Researchers in China have found that amine metal borohydride—a novel hydrogen-enriched boron–nitrogen–hydrogen (BNH) hydrogen storage system—has potential as a solid propellant or additive for solid and hybrid rockets.

In a paper in the ACS journal Energy & Fuels, they investigated the combustion properties of two newly developed ethylene diamine aluminum borohydrides (Al(BH4)3·nEDA, n = 3, 2). They found the materials have high combustion heat of 32.20 and 36.90 MJ/kg for Al(BH4)3·3EDA and Al(BH4)3·2EDA, respectively, with ignition delay times of ∼2.0 ms.

Further, the combustion products mainly consist of CO2 and H2O without NO2, which exhibit less-toxic performance as propellants and additives for rockets.

After decades of extensive exploration, introducing hydrogen into solid propellants has been considered as one of the best solutions to enhance the heat of combustion and specific impulse for solid propellants because hydrogen can improve the heat of combustion, shorten ignition delay, and improve combustion performance. Solid hydrogen storage materials, such as metal hydride, complex hydride (borohydrides, alanates), and boron−nitrogen−hydrogen (denoted as BNH) compounds, among others, were then proposed to be potential candidates of solid propellants owing to their relatively high hydrogen contents.

For the application of hydrogen storage materials in solid propellants, metal hydrides can effectively improve the burning performance of solid propellants, but generally, their hydrogen contents are relatively low and they have an inferior long stability. … Compared with metal hydrides, complex hydrides (borohydrides, alanates) usually possess higher hydrogen storage capacity … [but] Boranes and borohydrides as rocket and jet fuels have many issues that need to be addressed, like thermally unstable, unsafe, and toxic issues.

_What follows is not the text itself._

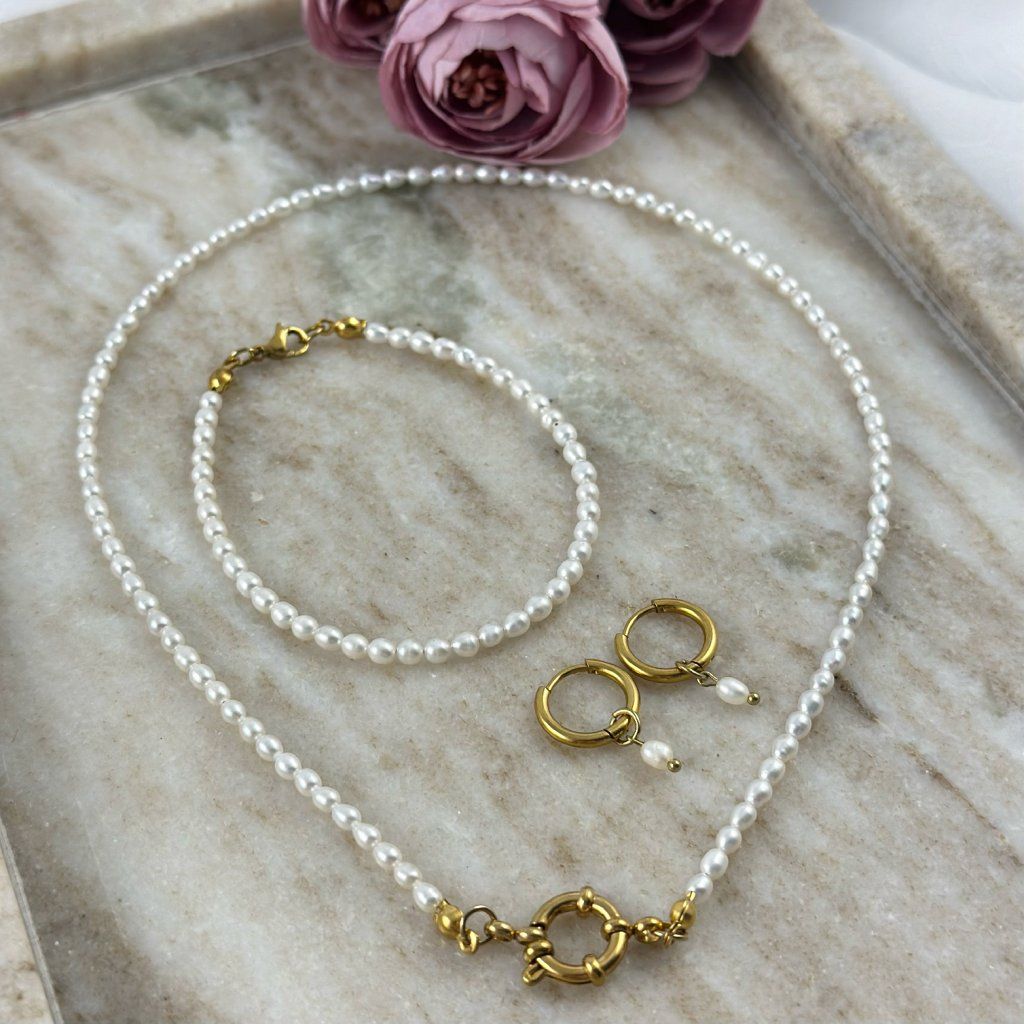 Souprava šperků s říčními perlami. Výhodný set Noemi obsahuje náušnice, náhrdelník a náramek. Náhrdelník a náramek jsou zdobeny pravými sladkovodními perlami vysoké kvality. Kroužkové náušnice zdobí jedna perla. Náušnice a ostatní komponenty jsou vyrobeny z chirurgické oceli, která je hypoalergenní a nečerná. Možné zakoupit i každý kousek zvlášť. K dispozici ve stříbrné i zlaté variantě. V případě zájmu Vám upravím délku náhrdelníku a náramku na míru.

Moreover, the major combustion product of boron oxides would possibly tear the jet engine apart.

BNH compounds were typical hydrogen storage materials that have gained intense attention due to their high hydrogen storage capacity and tunable hydrogen storage properties. … Recently, a new BNH hydrogen storage system-amine metal borohydride was developed, such as Mg(BH4)2·nEDA and Al(BH4)3·nEDA, which has high hydrogen contents and tunable dehydrogenation properties that are comparable with amine borane. Moreover, they are easy to synthesize and can stay relatively stable. Therefore, this system may also have the potential for propulsion applications, and it will be of interest to explore their combustion properties.

—Huang et al.

In addition to the findings on the heat of combustion and ignition delay times referenced above, the team also found that:

  • The material is air-stable;

  • The minimum ignition energy is very low (0.3− 0.5 mJ);

  • The combustion of the material undergoes three sequential stages of dehydrogenation, combustion of hydrogen and impurities, and combustion of dehydrogenated framework; and

  • No aluminum oxide or boron oxide is detected in the combustion residue, and the crystal structures of the material are totally destroyed during combustion.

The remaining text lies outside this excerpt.